++++ Material to process ++++

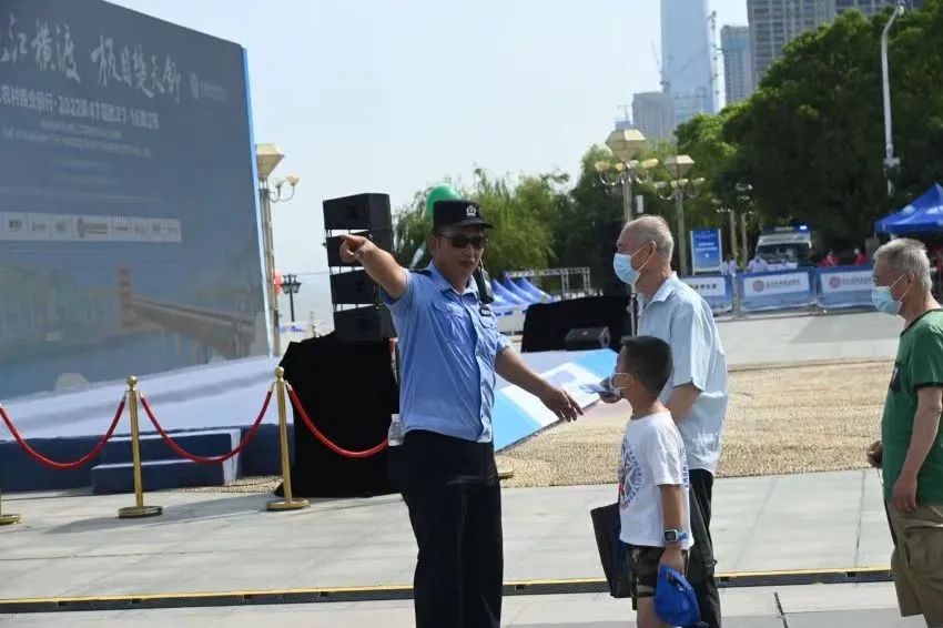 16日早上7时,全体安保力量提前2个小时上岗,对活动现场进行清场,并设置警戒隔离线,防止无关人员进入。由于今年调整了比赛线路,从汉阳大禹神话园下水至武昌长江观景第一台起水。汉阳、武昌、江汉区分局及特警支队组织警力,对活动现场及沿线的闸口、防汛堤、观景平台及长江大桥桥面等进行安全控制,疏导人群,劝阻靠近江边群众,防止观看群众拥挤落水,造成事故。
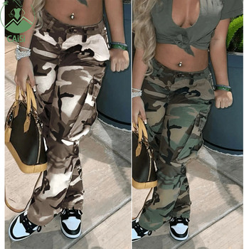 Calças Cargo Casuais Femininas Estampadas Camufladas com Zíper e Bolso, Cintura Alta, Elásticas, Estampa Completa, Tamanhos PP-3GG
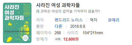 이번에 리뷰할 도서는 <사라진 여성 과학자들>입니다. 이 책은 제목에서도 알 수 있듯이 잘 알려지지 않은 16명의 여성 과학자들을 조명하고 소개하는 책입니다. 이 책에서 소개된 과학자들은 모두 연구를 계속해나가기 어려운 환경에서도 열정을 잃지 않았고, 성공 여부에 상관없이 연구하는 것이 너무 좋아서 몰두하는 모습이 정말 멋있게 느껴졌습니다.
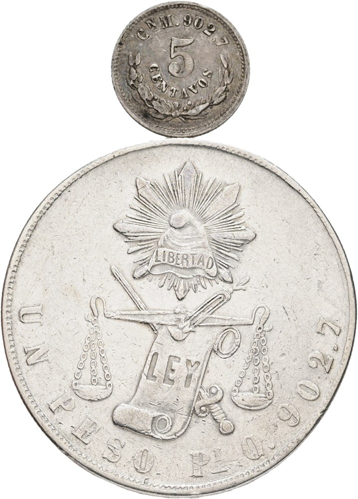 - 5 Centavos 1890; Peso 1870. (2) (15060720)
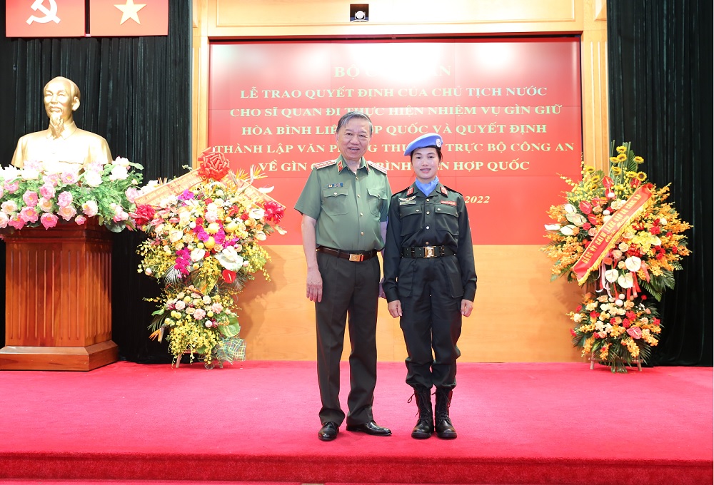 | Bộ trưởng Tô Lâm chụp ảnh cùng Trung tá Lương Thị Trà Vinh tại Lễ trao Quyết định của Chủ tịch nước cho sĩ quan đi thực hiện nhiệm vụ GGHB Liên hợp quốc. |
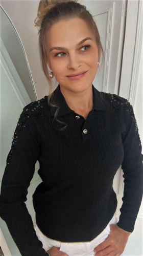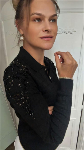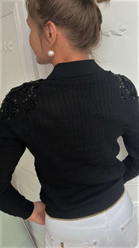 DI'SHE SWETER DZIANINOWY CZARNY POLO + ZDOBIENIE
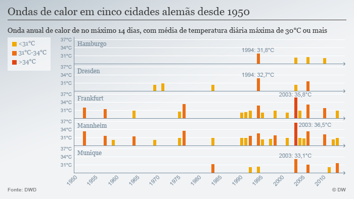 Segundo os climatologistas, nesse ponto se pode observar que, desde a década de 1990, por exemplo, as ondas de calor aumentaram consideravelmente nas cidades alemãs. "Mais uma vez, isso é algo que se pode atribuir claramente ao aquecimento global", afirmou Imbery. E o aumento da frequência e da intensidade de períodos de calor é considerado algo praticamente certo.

++++

What needs to be done
After locating the line containing "DI'SHE SWETER DZIANINOWY" in the entries above, repeat only it and each later line through the end, exactly, without any pictures.

Problem solution
 DI'SHE SWETER DZIANINOWY CZARNY POLO + ZDOBIENIE
 Segundo os climatologistas, nesse ponto se pode observar que, desde a década de 1990, por exemplo, as ondas de calor aumentaram consideravelmente nas cidades alemãs. "Mais uma vez, isso é algo que se pode atribuir claramente ao aquecimento global", afirmou Imbery. E o aumento da frequência e da intensidade de períodos de calor é considerado algo praticamente certo.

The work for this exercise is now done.